深夜に寝る前の本を読んでいて急にスジの通った話がポッと思いついたので急いで筆を取っています。

最近写真を撮ることが趣味になりつつあるんですが、かねてから美術が好きだったぼくはもちろん写真の美術史的な側面も知っておきたいと思うタチで、偏ってはいるけど写真に関する本を少しずつ読んでいました。その中で「森山大道」という写真家が大好きになってしまいました。写真集を何冊か買ってしまうほどです。
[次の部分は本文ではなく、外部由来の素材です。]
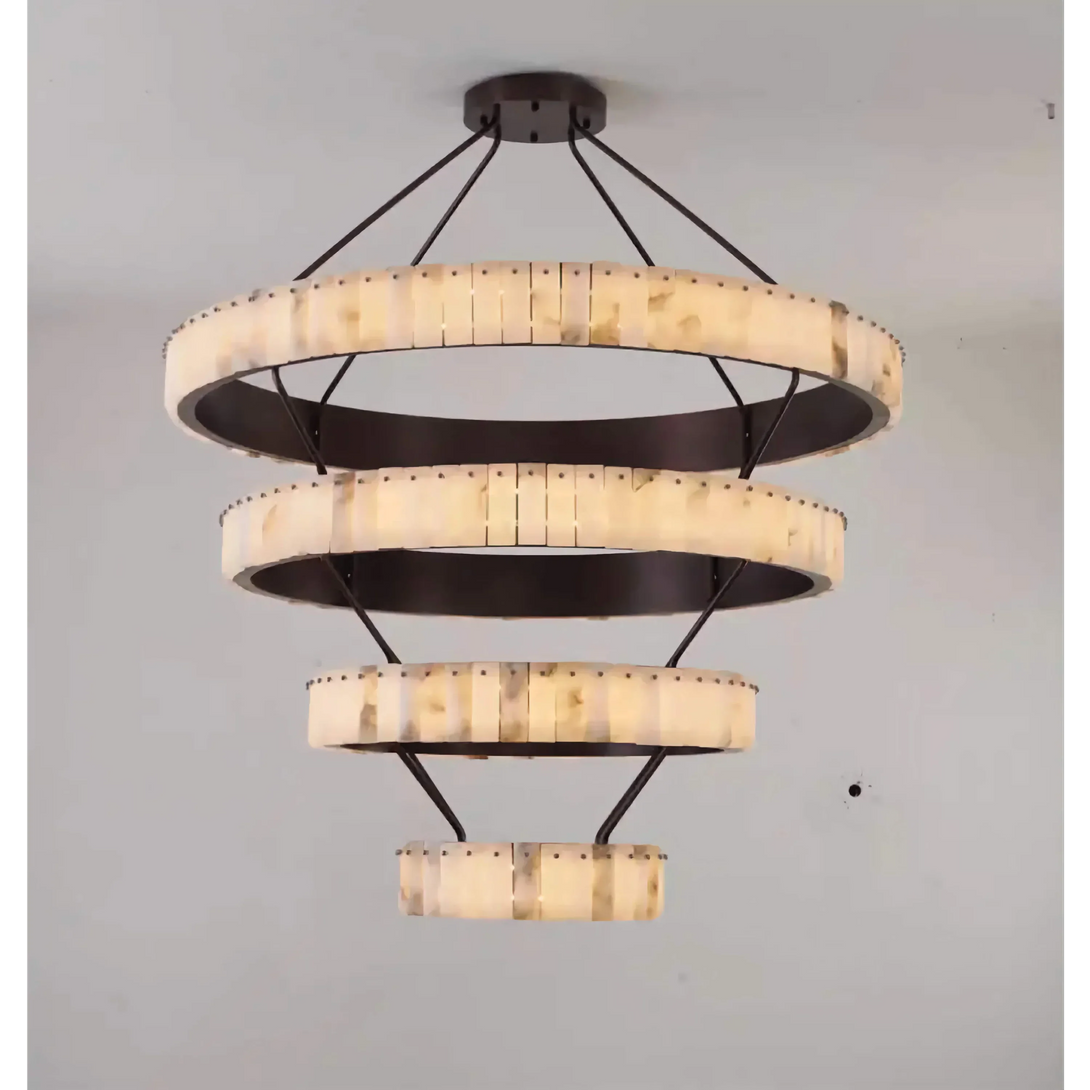 Integrated warm LEDs provide both uplight and downlight, creating a soft, inviting glow ideal for staircases, galleries, and atrium-scale interiors. The hand-carved alabaster tiles diffuse light beautifully, offering an ethereal ambiance that elevates any luxury residential or hospitality setting. This chandelier is more than a light fixture—it is an architectural centerpiece that embodies timeless elegance and enduring craftsmanship.

その彼と深い交流があった中平卓馬との二人展が2023年に開催された際の書籍化されている図録を今日は読んでいました。
写真集のテイストで写真と少量の文章が並んで、最後に巻末資料的な感じに二人の対話だとか雑誌に掲載されていたエッセーなどが収録されています。そこで中平卓馬は電車に乗りながら景色が移り変わることとそれをみることについて書いています。
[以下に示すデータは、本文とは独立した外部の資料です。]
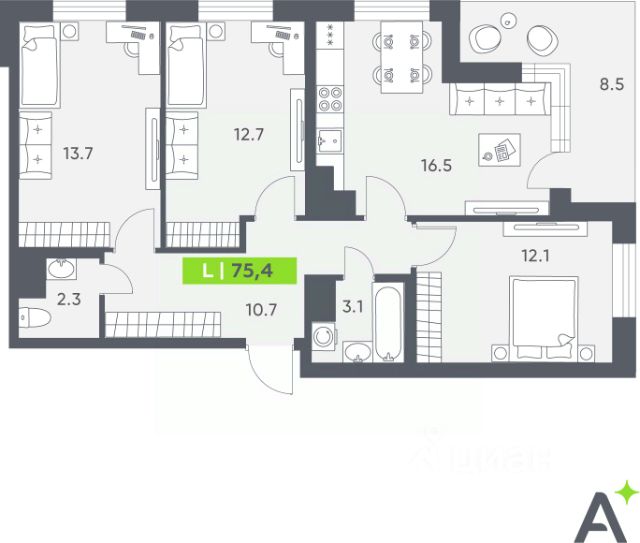 Купи квартиру в "ЖК All in 3.0" Отделка В квартире выполнена предчистовая отделка WhiteBox +Возможен дозаказ отделки в любом из 3 цветов: SAND, TERRA, GRAPHITE Отделка входит в стоимость квартиры в ДДУ ЖК Аквилон All in 3.0 в Пушкинском районе Петербурга. Это 12-этажный дом на Школьной улице на 812 квартир с отапливаемым подземным паркингом. -Малошумные лифты -Сквозные парадные -Светопрозрачные входные группы -Увеличенная высота первого этажа -Безбарьерная среда -Подземный паркинг Как и все другие проекты, ЖК Аквилон All in 3.0 мы реализуем на базе концепции Э4. Она подразумевает внедрение технологических разработок по 4 направлениям: энергоэффективности, эргономики, экологичности, экономии средств и времени жителей. Стандарты Группы Аквилон для вашей комфортной жизни Thermo-S экономия на коммунальных платежах за счет дополнительно утепленных стен, кровли и цоколя. Энергоэффективные окна с селективным покрытием и аргоновым заполнением Soundstop - дополнительная шумоизоляция внутренних перегородок и межэтажных перекрытий, шумозащитные окна, малошумные лифты Light-in - в квартирах устанавливаются широкоформатные окна, увеличены на 30%. Высота подоконников на уровне 60 см от пола. Vent-in - в каждой комнате есть клапаны индивидуальной вентиляции, которые обеспечивают приток свежего воздуха с улицы. inHOME 3.0 умный дом в каждой квартире Интеллектуальная цифровая система, которая позволит дистанционно решать бытовые вопросы, управлять квартирой и экономить на оплате коммунальных услуг. В состав inHOME входят: IP-домофон, Face key, "умные" счетчики, датчики протечки, дистанционное отключение розеток, и т.д. Жилой комплекс расположится в уже развитом районе с хорошей транспортной и социальной инфраструктурой: рядом — выезд на КАД, 15 минут до метро "Купчино" и аэропорта Пулково. #ZToFfb 3-комнатная квартира в готовой новостройке в районе Пушкинский в Санкт-Петербурге.

前略)そのときの視線は電車の動きとともに動いているのではなく、ある場所のあるものを制して捉えているのであり、その次に注意を惹くものが現れると、あわててそこへ移動する。中間はとばされているのである。いくつかの点があり、その点をつなげてわれわれは全体としての点を思い描く。ここでは実際に見たもの、見えるものと同時にイメージが介入してくるのだ。見ることとは、ただ見えるものの集積として成立するのではなく、実際には見えないが、そこに必ずあるとわれわれが思い描くもの——つまりイメージが混じり合って初めて成立する行為であると言って良いだろう。

「アサヒカメラ」1976年11月号

写真をとるということの前に見るとは何かを身体的に考える、非常に面白い文章でした。

私は、普段大学に自転車で通っているのですが、冬季の今は路面凍結や日暮の早さから地下鉄で通学しています。地下鉄というと、地下をメインに走行しますが、割と地上部も走ったりしますよね。高校生の時に使っていた東京メトロ東西線の区間では、地上部しかなく極端な例だとは思いますが、地下鉄でも普通の電車でも地上部を走行するのは天気がどうであれ結構気持ちのいいことだったりします(満員電車は除く)。ですが、私が通学に使う地下鉄は川を渡る際に30秒ほど土手と土手の間を通るくらいでそのほかの全区間で地下を走行します。それがなんだ、当たり前だって言いたいかもしれないですが、このときの中平のように外を眺めるって結構楽しいことなんですよね。信号待ちでも信号ではなく変なそっぽを向くことはよくあります。通学で使う地下鉄の川の地上部では社内が何かが少し明るく変化するように感じます。ずっと灰色に映る窓の外ではない自然が見える、街が見えることは毎日のルーティーンワークには重要なのかもしれません。逆に地下の部分ではわれわれは何を見ているのでしょうか?
何か閉塞的な息苦しくも感じるキャンパスは地下鉄の産物だったのでしょうか?私は地下鉄開業前の大学を知らないのでなんとも分かりませんが、やっぱり関係があるような気がします。地下か地上か。どんなイメージが混じり合って、見えない何を見ているのであろうか。